Ivanka Trump recently ended a successful visit to India where she acted and was granted the status of America’s chief diplomat at a global summit while the man who actually occupies the position appeared to be in a fresh bout of trouble with the White House.
She headlined the Global Entrepreneurship Summit along with Prime Minister Narendra Modi, speaking about gender parity and the need for governments to promote women in the workplace. Exuding an air of confidence and authority, she was up with the jargon of empowerment and how countries can raise productivity by including more women in the work force.
Secretary of State Rex Tillerson did not accompany the first daughter to Hyderabad nor did he apparently allow senior State Department officials to join the delegation in a telling indication of the state of play in Washington.
Tillerson’s future as the top U.S. diplomat has been a matter of keen speculation for months, given the regular and open policy disagreements with President Donald Trump. For reasons both of his own making and not, Tillerson has steadily lost clout in Trump’s inner circle.
Every time he locks horns with the president others quickly occupy the space he vacates because politics, like nature, abhors a vacuum. His departure is all but certain – only the timing is unknown.

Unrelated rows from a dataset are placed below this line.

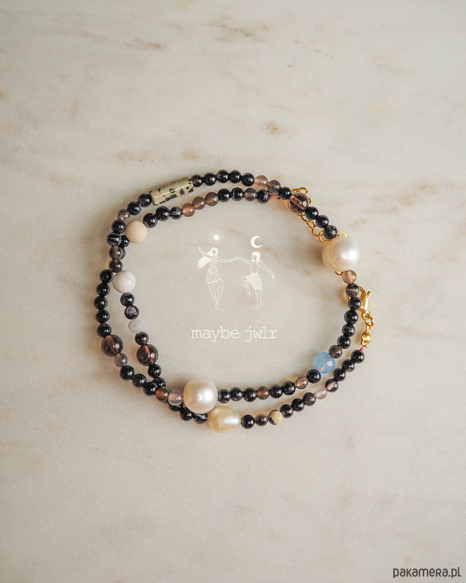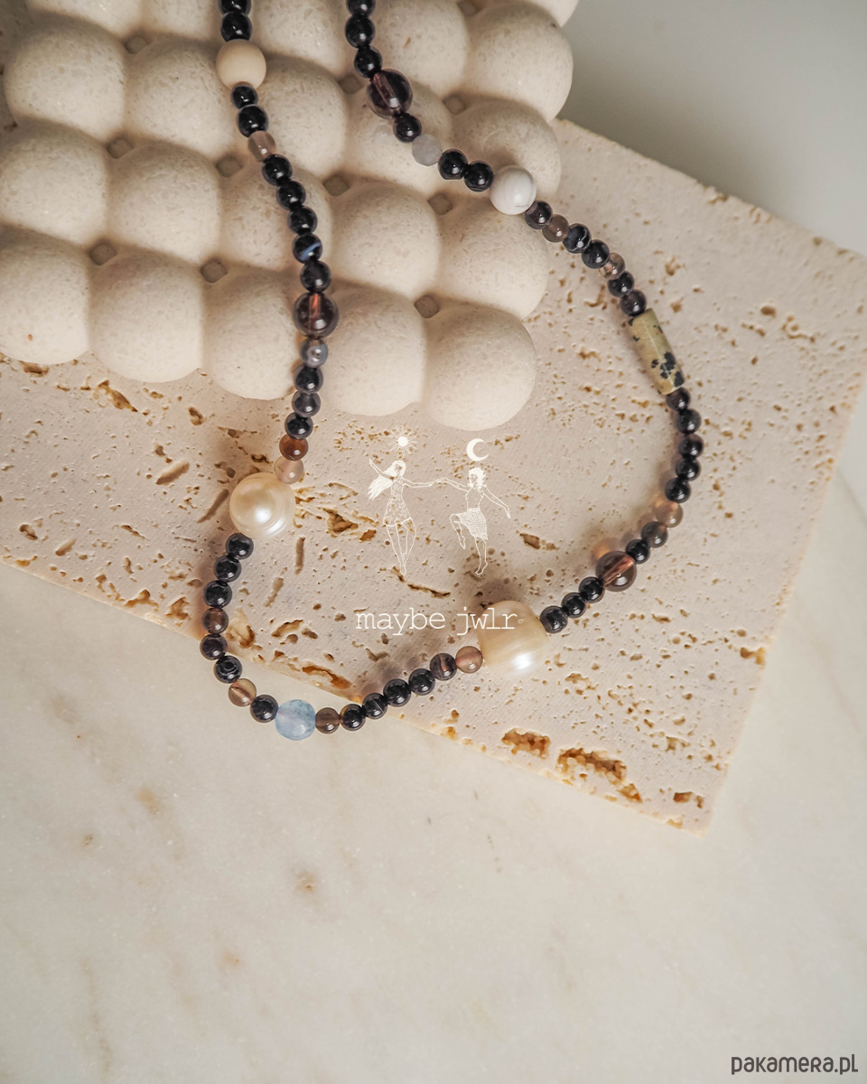 Naszyjnik jest przeplatany kamieniami o różnej wielkości : perła, jaspis dalmatyński, howlit, kamień rzeczny, jadeit, kwarc dymny,.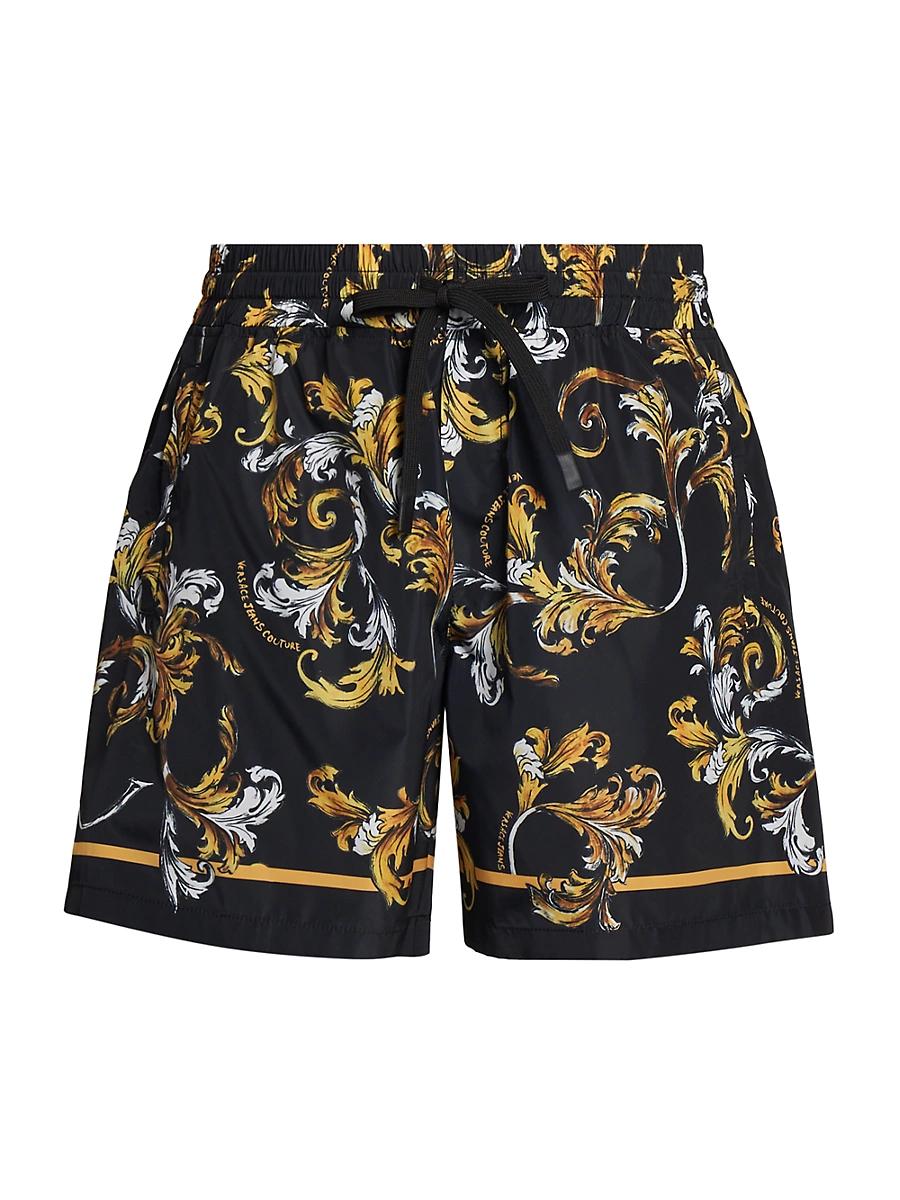 These relaxed fit shorts from Versace Jeans Couture feature a screen-printed baroque motif and accent logo detail. Elasticized drawstring waistband Side slip pockets 100% polyester Dry clean Imported SIZE & FIT Model measurements: 62 tall, 40 chest, 31 waist Model is wearing a US size 32 ABOUT THE BRAND Founded in 1978, Versace is instantly recognizable by the signature Medusa head logo, chosen by founder Gianni Versace for its Greek symbolism. The Italian label is known for its luxe, bold clothing, sneakers, shoes and accessories-think gilding, oversized logos and punchy prints. Since taking over artistic direction, Giannis sister Donatella Versace has maintained the brands strong identity, with a renewed vision to give customers the ultimate freedom to express themselves. Mens Adv Contemporary - Contemporary Collections > Versace Jeans Couture > Saks Fifth Avenue > Barneys. Versace Jeans Couture. Color: Black Gold. Size: 32.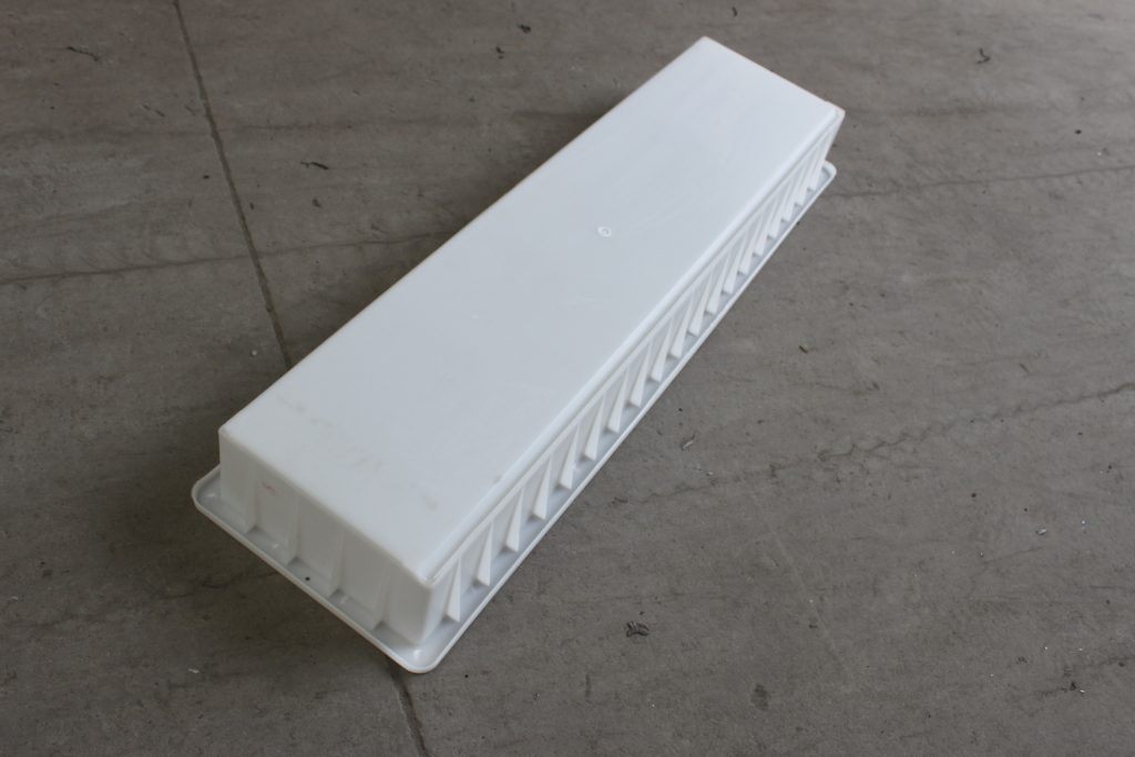 與其他相關水泥制品模具一樣,混凝土路牙石模具采用的塑料原料為PP聚丙烯樹脂,經過注塑工藝的方式一體成型。從此產品實物圖片展示來看,塑料模具內部有一條斜棱平面,這就是倒角,最為主要的作用就是混凝土路牙石成品在脫模或者施工預埋中可以有效避免外力破損,相比直角樣式效果相當明顯。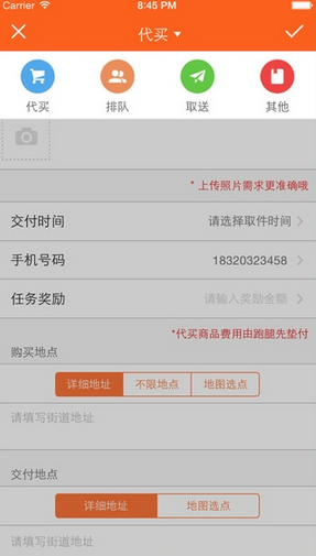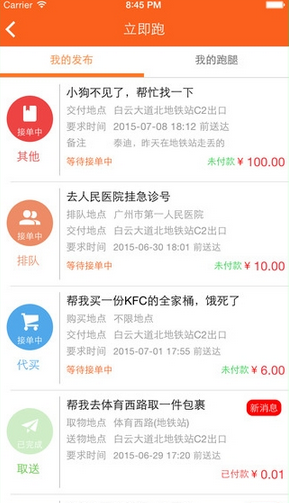 9、立即跑有代买服务、排队服务、送取服务、费用代缴、送修服务等和其他的多样化的优质服务,同时我们也可以成为有偿提供线上、线下综合服务的平台。

Some have even speculated that Ivanka could eventually get a more important position in the administration at a future date with a more specific mandate. In other words, the first daughter could become even more important in the scheme of things.
Questions have been raised whether Modi as head of government should have hosted Ivanka whose official position is “special adviser” to her father. She obviously is not Modi’s equal in terms of protocol but received treatment as if she were. Should the rulebook have been followed?
But rulebooks don’t have good answers when dealing with a U.S. president as unconventional as Trump. He has blurred the lines and set aside standard protocol so often, it has begun to feel routine after 11 months. And diplomacy has to adapt to suit the times.
Ivanka as “special advisor” to the president has a position nebulous and stretchable enough to suit many occasions. Her father has relied on her counsel on social issues, from paid leave for new parents to the rights of the LGBTQ community. It is said that Ivanka acts as a check on her impulsive father, trying to keep him from going too far down the politically incorrect line.
That family members occupy a special position in the Trump White House is not a secret. Their influence has been apparent on foreign policy issues, ranging from China to the Israeli-Palestinian dispute.
A realist perspective therefore would find no fault with the “extra special” treatment Ivanka got from the Indian government at the GES summit. The gains from a Modi-Ivanka tete-a-tete should be obvious.
Diplomats from other countries figured out early that first daughter Ivanka and her husband Jared Kushner had the influence on Trump that no one else did or could. If they wanted to affect U.S. policy in a certain direction, they had to find a way to the couple.
The Chinese ambassador in Washington was the able to use his connections to Henry Kissinger to get to Kushner earlier this year to smoothen the path to a summit between Trump and Xi Jinping.
The couple are an effective backchannel in an administration that is often chaotic and where normal channels are either dry or do not have the clearance to speak for the president.
Besides, the U.S. bureaucracy has demonstrated again and again, including under this rule-breaking president, that it’s wedded to old positions on nearly every foreign policy issue. It is Trump – at least in the case of South Asia – who has spoken out against the norm.
Most recently, the State Department bureaucracy supported the British candidate Christopher Greenwood for the last seat in the International Court of Justice against the Indian candidate, Dalveer Bhandari. When India lobbied the White House and questioned U.S. policy, things rapidly changed forcing other permanent members of the UN Security Council to rethink their positions. It is said that a member of Trump’s family was also contacted.
It was diplomacy 101 – India did what it needed to secure its interest. Diplomatic outreach to “Javanka”—as the couple are popularly known — is now considered part of the basic drill.
Ivanka and Jared have accompanied Trump on official foreign trips, sitting side-by-side cabinet members. If engaging them gets the message across, it would be foolish to ignore them.